Lukan groaned, remembering that the dragons had diagnosed a permanent limp. Not a handicap, but a badge of honor. “What’s going on outside?”
“You’ve slept two and a half days,” Lily said.
“I think I needed to.”
“You’ll always walk with a limp, but the healers have cleared you of infection and rebuilt some of the muscle in your calf. Not all of it. That snakebite was deep and the venom spread quickly.”
“I know.”
“So, are you up to attending the bonfire and homecoming celebration?”
“I don’t know. Am I?”
“Robb is coming. He’s confined to a chair, and Maigret won’t let him out of her sight, but he’ll be there.”
“Will he recover from the bad heart?”
Lily shrugged again. “I can’t see Death in his aura. Doesn’t mean she won’t find him. Just not for a while yet.” The glowing white dot on her forehead pulsed.
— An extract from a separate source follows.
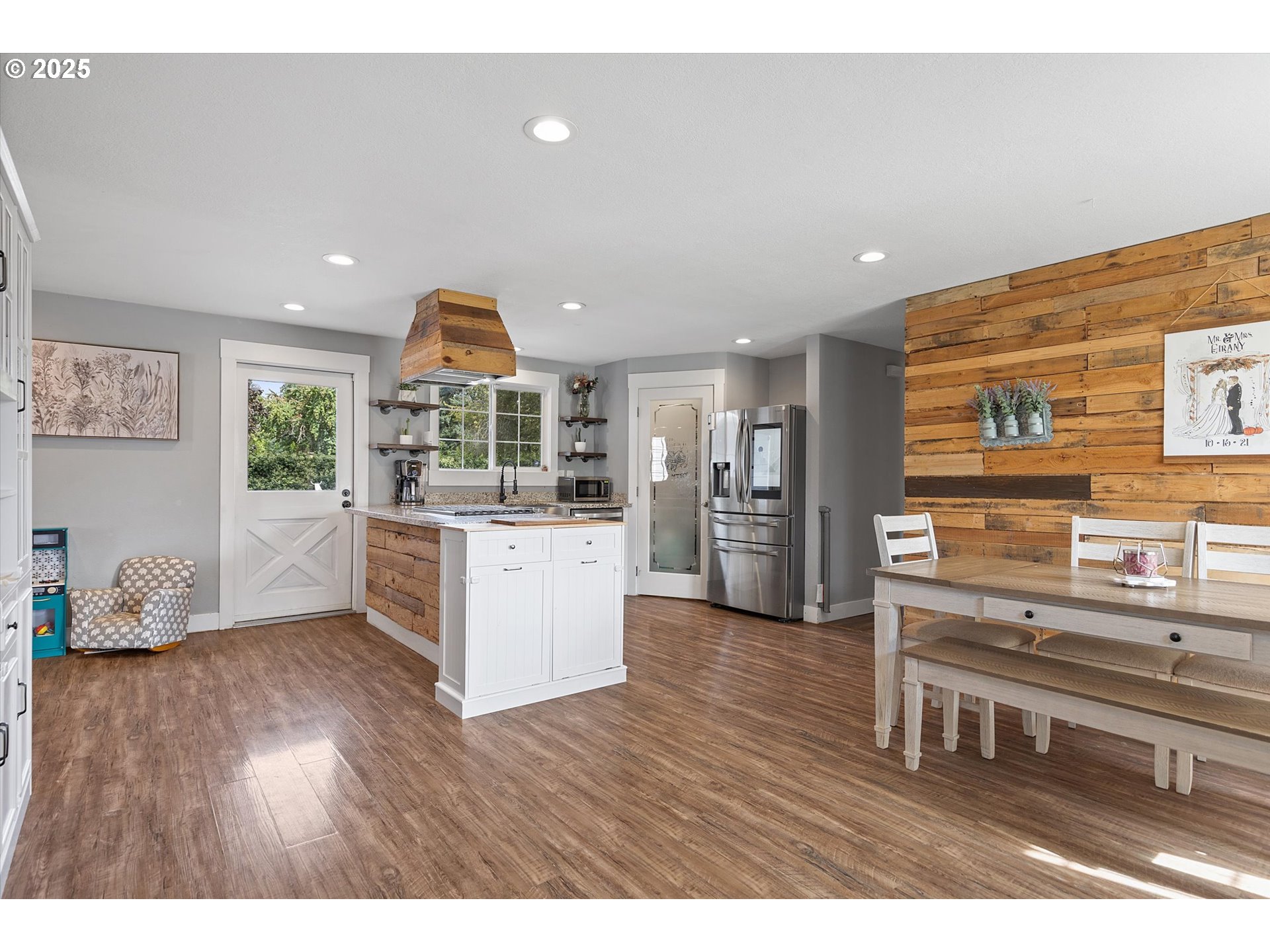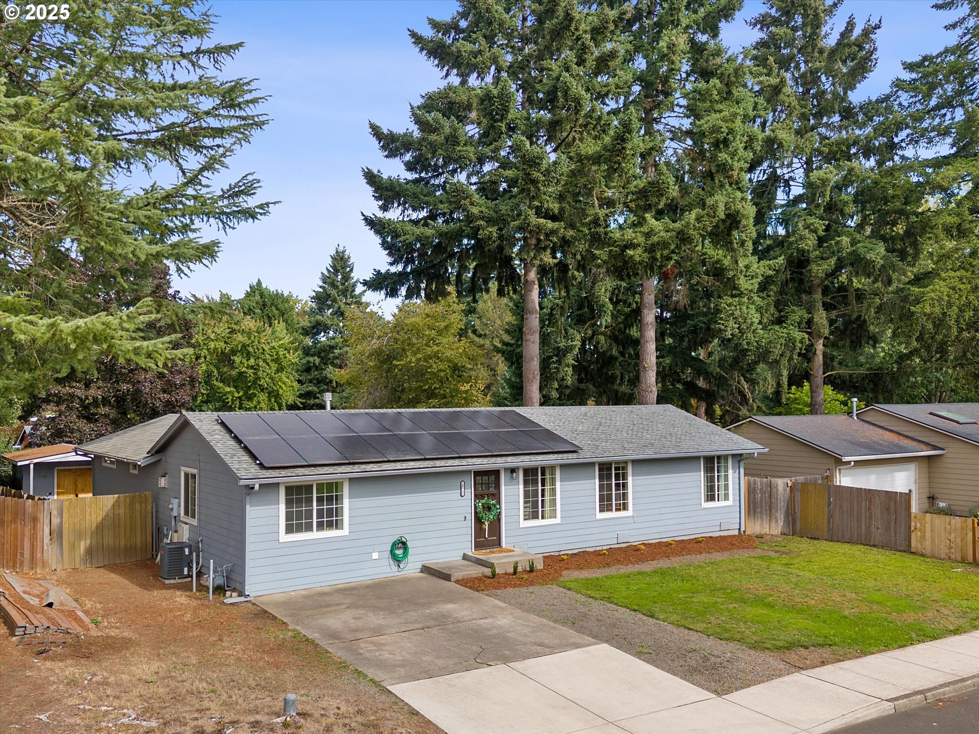 - Super hip and stylish, this four-bedroom, single-level ranch blends rustic charm with modern elegance on a large fenced lot with possible RV parking. Thoughtfully remodeled, the home showcases reclaimed wood accents, barn doors, an open and airy layout, and a beautifully designed kitchen featuring granite countertops, a farmhouse sink, stainless steel appliances, a gas range, and open shelving that adds warmth and character. The spacious primary ensuite is a true retreat, with French doors opening to the deck, a generous walk-in closet, a luxurious soaking tub, and a beautifully tiled shower. Three additional bedrooms are tucked away on the east wing, providing both privacy and flexibility for family, guests, or a home office. Outside, the backyard offers plenty of space to relax and entertain, with a sunny deck, an above-ground pool, and a versatile outbuilding perfect for a creative retreat or workshop. Fully paid solar panels, mature shade trees, and possible RV parking add convenience and long-term value. The garage has been converted into a large utility room, sparking possibilities for future customization. With no HOA, pride of ownership throughout the neighborhood, and a location just minutes from Nike, Intel, shopping, dining, and Hazeldale Park, this home perfectly balances comfort, convenience, and character. Schedule your showing today and discover all that this one-of-a-kind property has to offer! Video and audio devices outside and inside. Buyer responsible for all due diligence including but not limited to remodel/conversion (none done by current owner), RV parking and short term rental.

He shied away from that ominous portent. What was it? What did it mean? And why had gentle Lily been gifted with that . . . that . . . whatever it was?
“That sounds like something new happening in your magic,” he choked out.
“It’s been a strange year.”
“Did . . . did Death give you that?” He pointed at the glowing white spot.
“Death and I have become intimates, almost friends,” she whispered. “I understand better the purpose of Death, when to push her aside and when to welcome her.”
“Mama and Da?”
“Together, as they should be. Death has sent them on to whatever awaits us. They were ready to go, as long as they could go together.”
They sat in silence a moment, not quite needing to cry, together and separately.